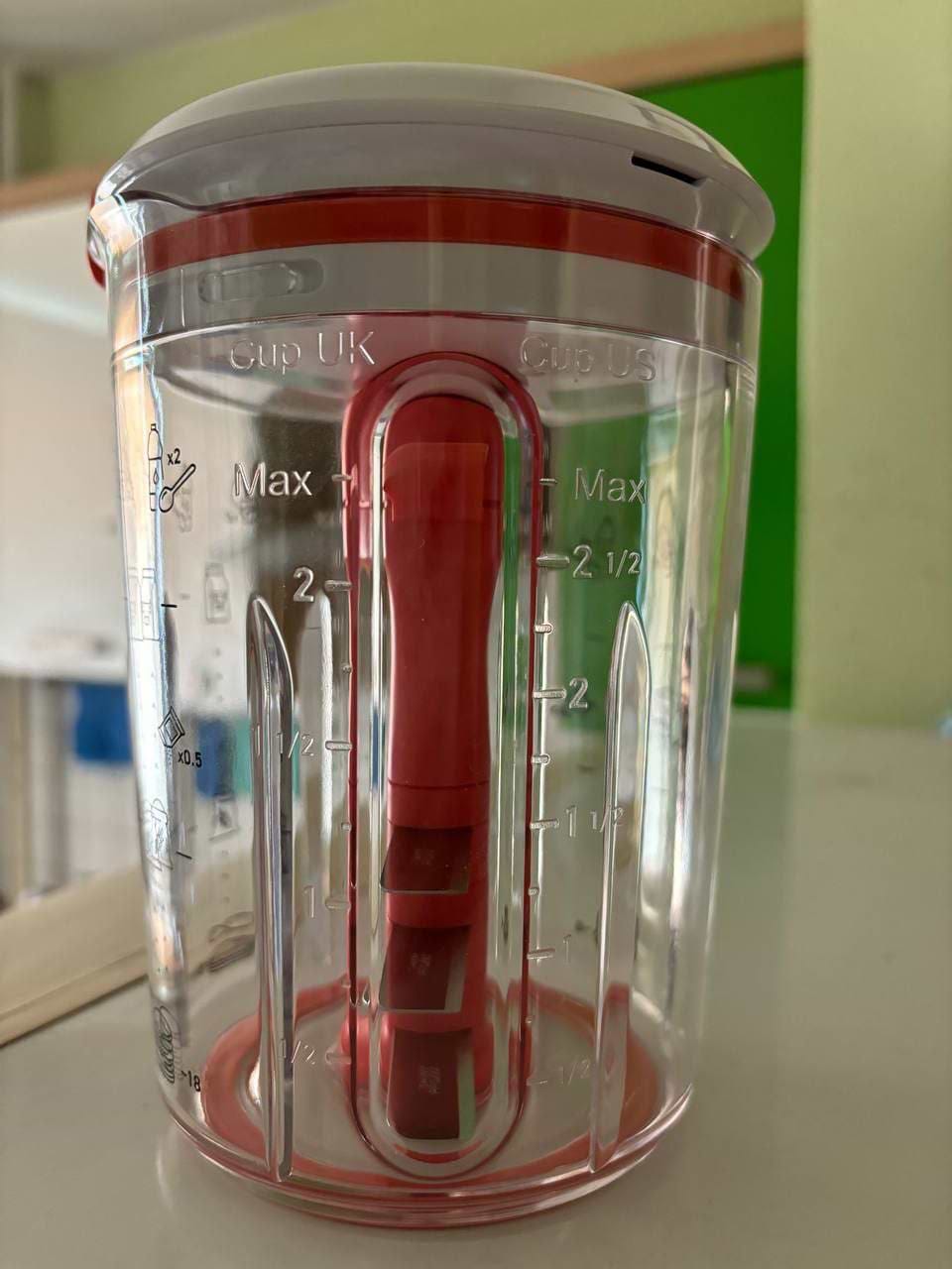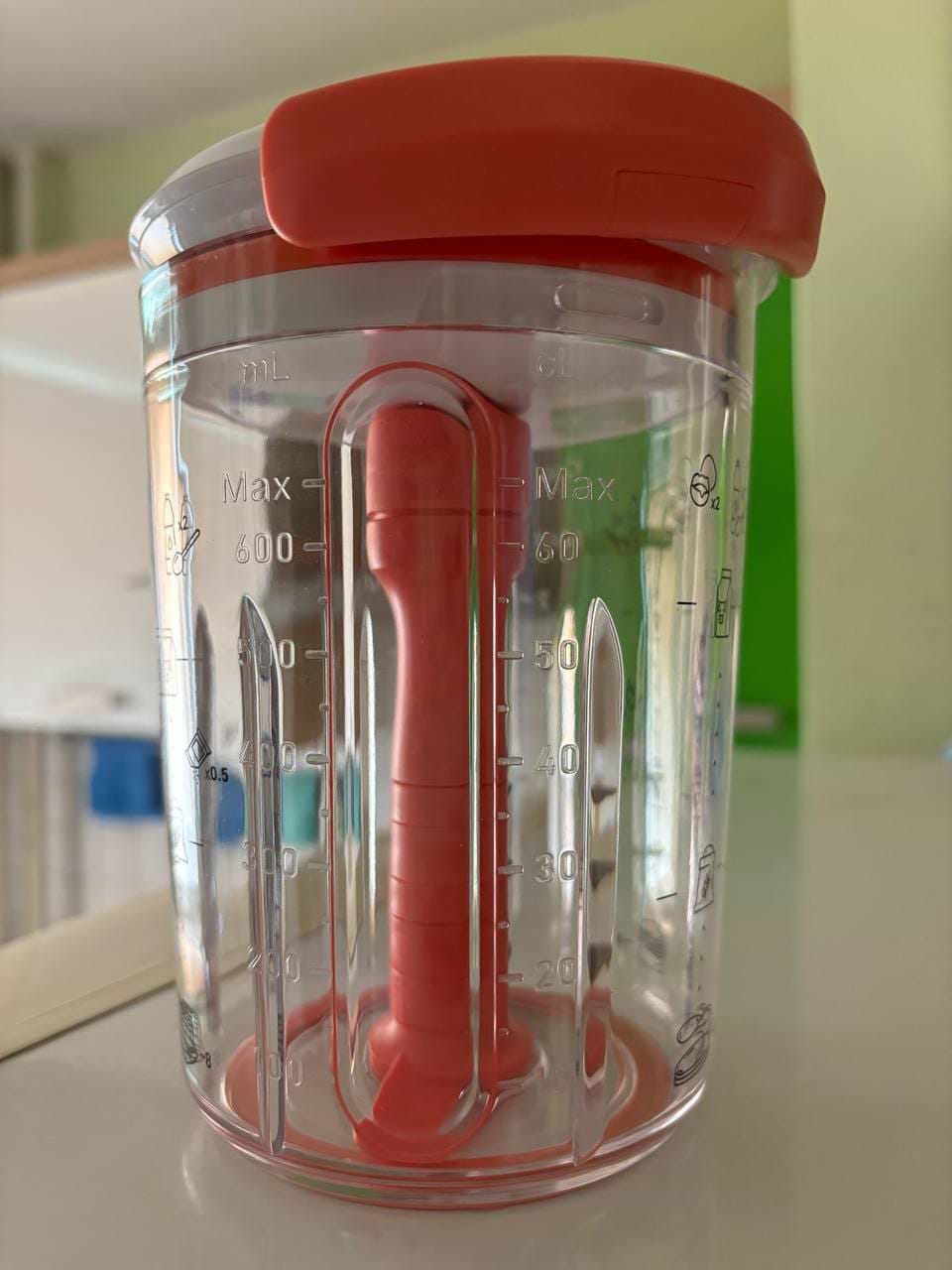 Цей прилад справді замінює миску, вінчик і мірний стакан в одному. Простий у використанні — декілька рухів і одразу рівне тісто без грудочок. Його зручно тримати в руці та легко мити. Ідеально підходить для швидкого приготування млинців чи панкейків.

• • • •

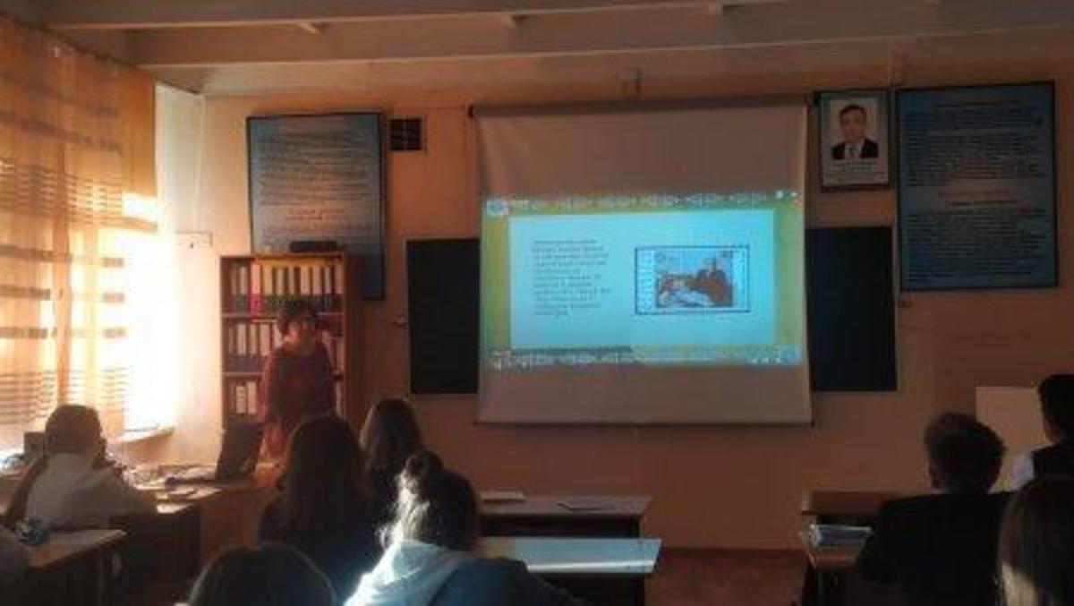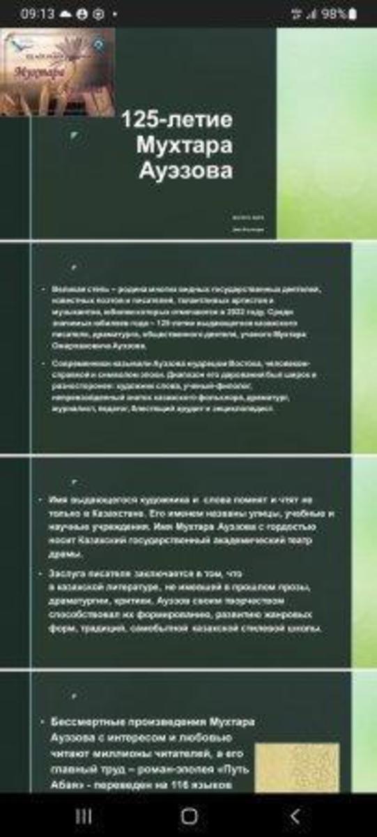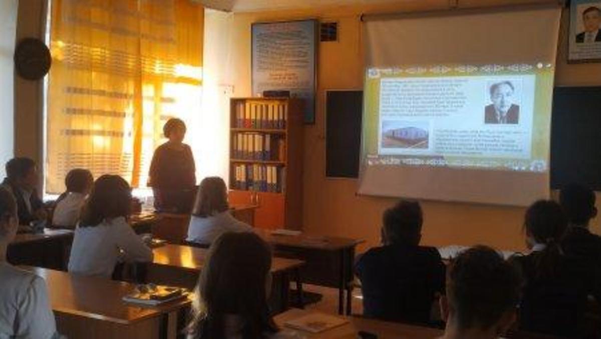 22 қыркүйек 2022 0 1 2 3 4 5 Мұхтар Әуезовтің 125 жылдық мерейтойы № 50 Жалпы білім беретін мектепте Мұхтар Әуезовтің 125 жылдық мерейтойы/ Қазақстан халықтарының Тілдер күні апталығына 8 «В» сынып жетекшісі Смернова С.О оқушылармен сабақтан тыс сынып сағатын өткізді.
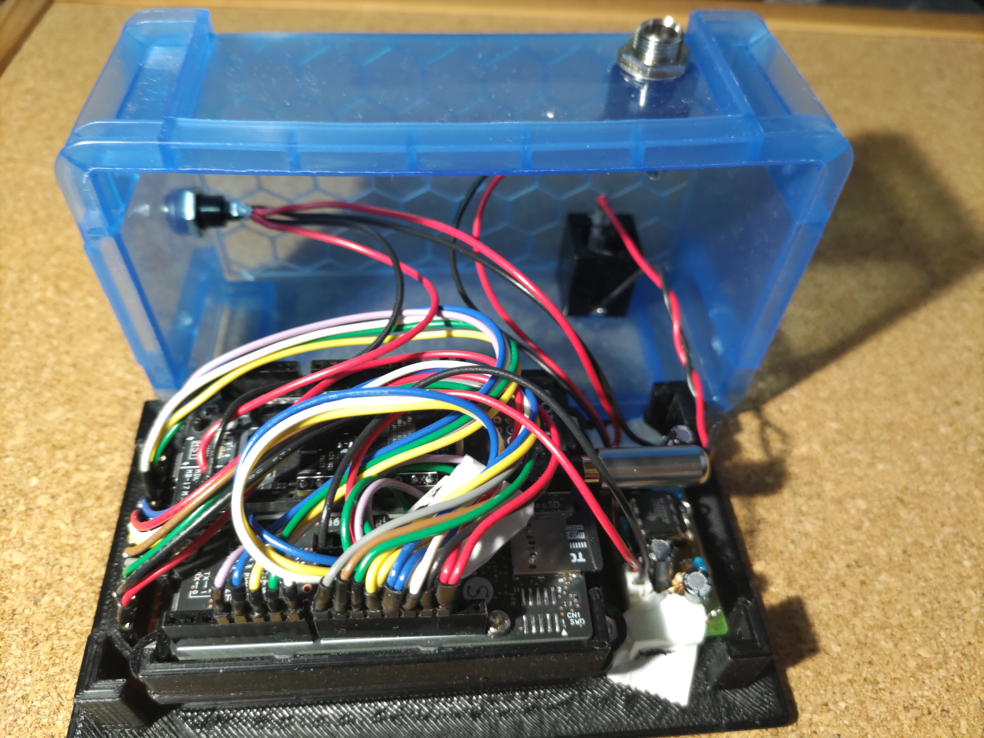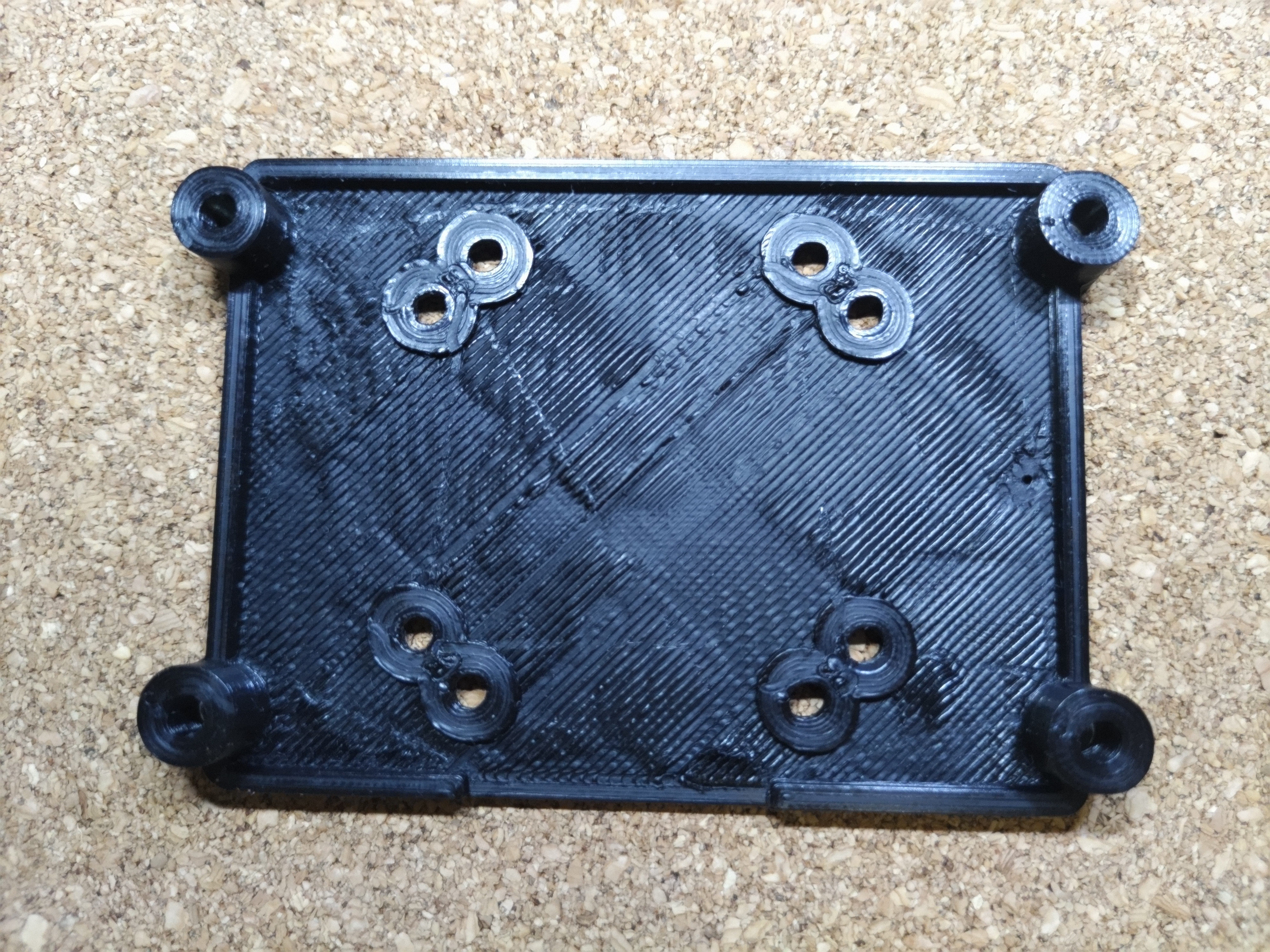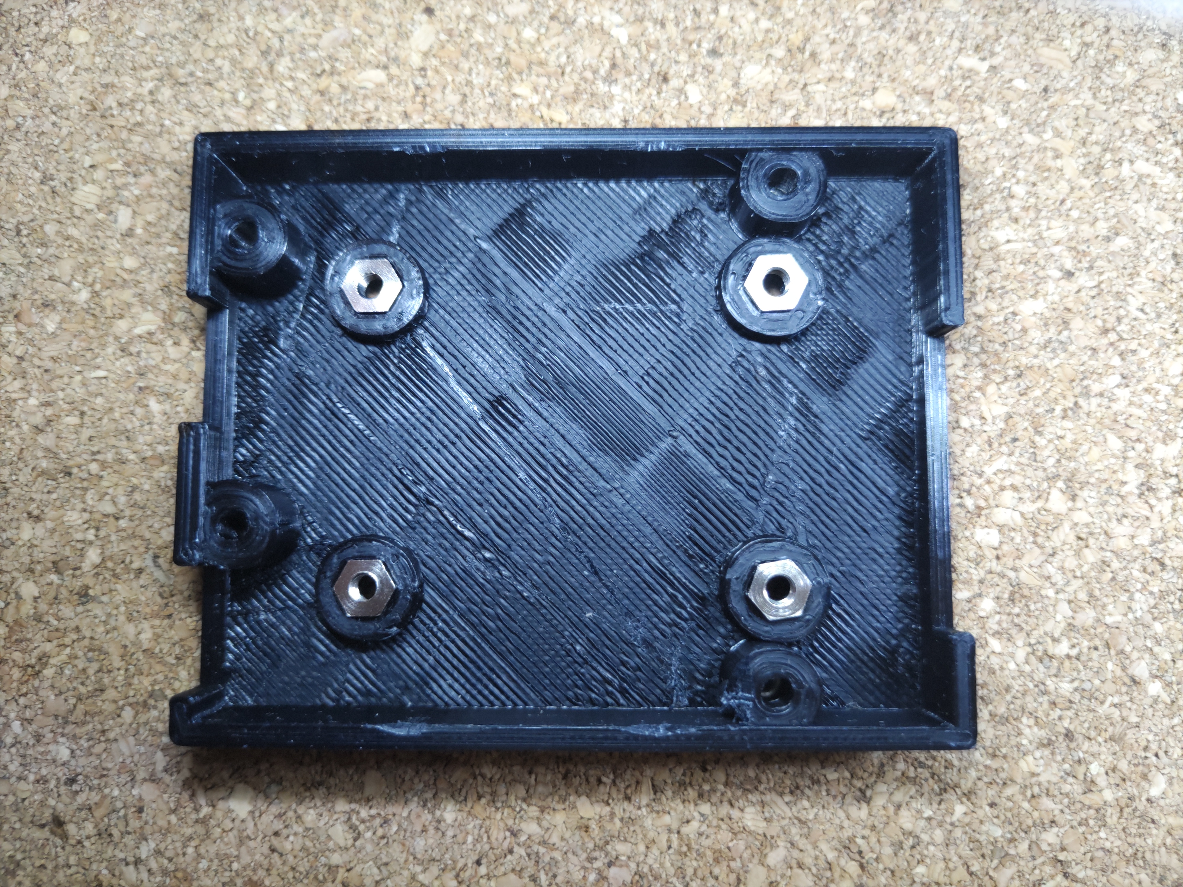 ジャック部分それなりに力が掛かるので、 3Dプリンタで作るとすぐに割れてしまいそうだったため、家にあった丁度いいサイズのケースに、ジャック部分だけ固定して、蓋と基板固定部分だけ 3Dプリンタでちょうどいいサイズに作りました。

• • • •

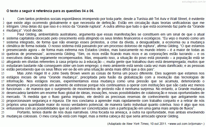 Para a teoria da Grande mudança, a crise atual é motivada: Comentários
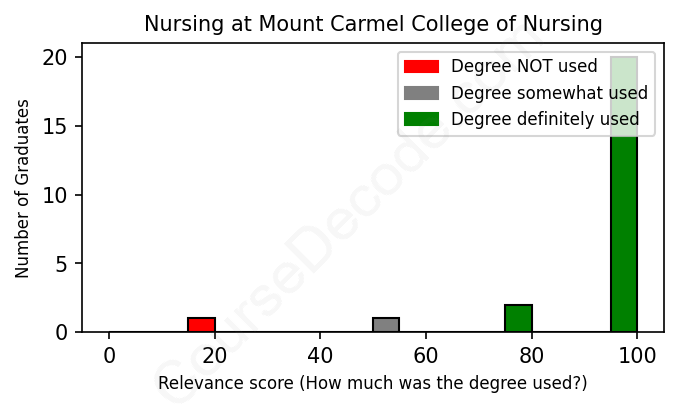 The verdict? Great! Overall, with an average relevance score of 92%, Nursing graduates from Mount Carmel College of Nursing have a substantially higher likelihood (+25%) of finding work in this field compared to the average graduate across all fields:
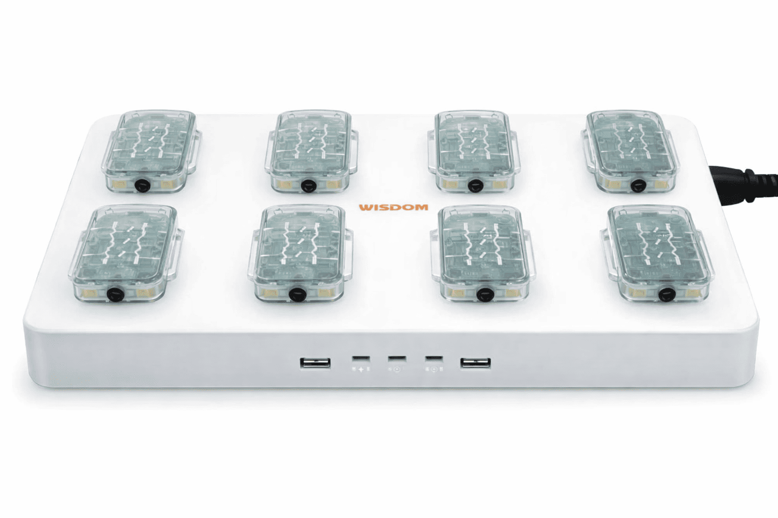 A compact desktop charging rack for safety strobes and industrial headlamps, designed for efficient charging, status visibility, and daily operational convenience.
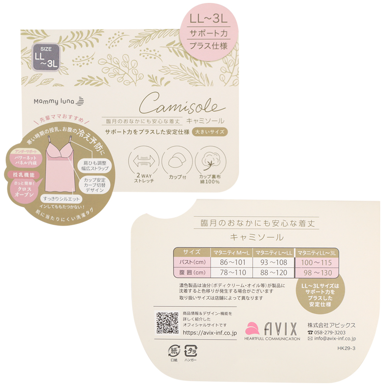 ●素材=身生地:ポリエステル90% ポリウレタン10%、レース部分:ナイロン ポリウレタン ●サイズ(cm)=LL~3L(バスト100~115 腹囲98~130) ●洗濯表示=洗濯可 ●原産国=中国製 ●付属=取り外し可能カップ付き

• • • •

* Exercise goal:
Copy back exactly the lines above from the one containing "A compact desktop" through the one containing "腹囲98~130) ●洗濯表示=洗濯可 ●原産国=中国製 ●付属=取り外し可能カップ付き", and leave every picture behind.

* Exercise answer:
 A compact desktop charging rack for safety strobes and industrial headlamps, designed for efficient charging, status visibility, and daily operational convenience.
 ●素材=身生地:ポリエステル90% ポリウレタン10%、レース部分:ナイロン ポリウレタン ●サイズ(cm)=LL~3L(バスト100~115 腹囲98~130) ●洗濯表示=洗濯可 ●原産国=中国製 ●付属=取り外し可能カップ付き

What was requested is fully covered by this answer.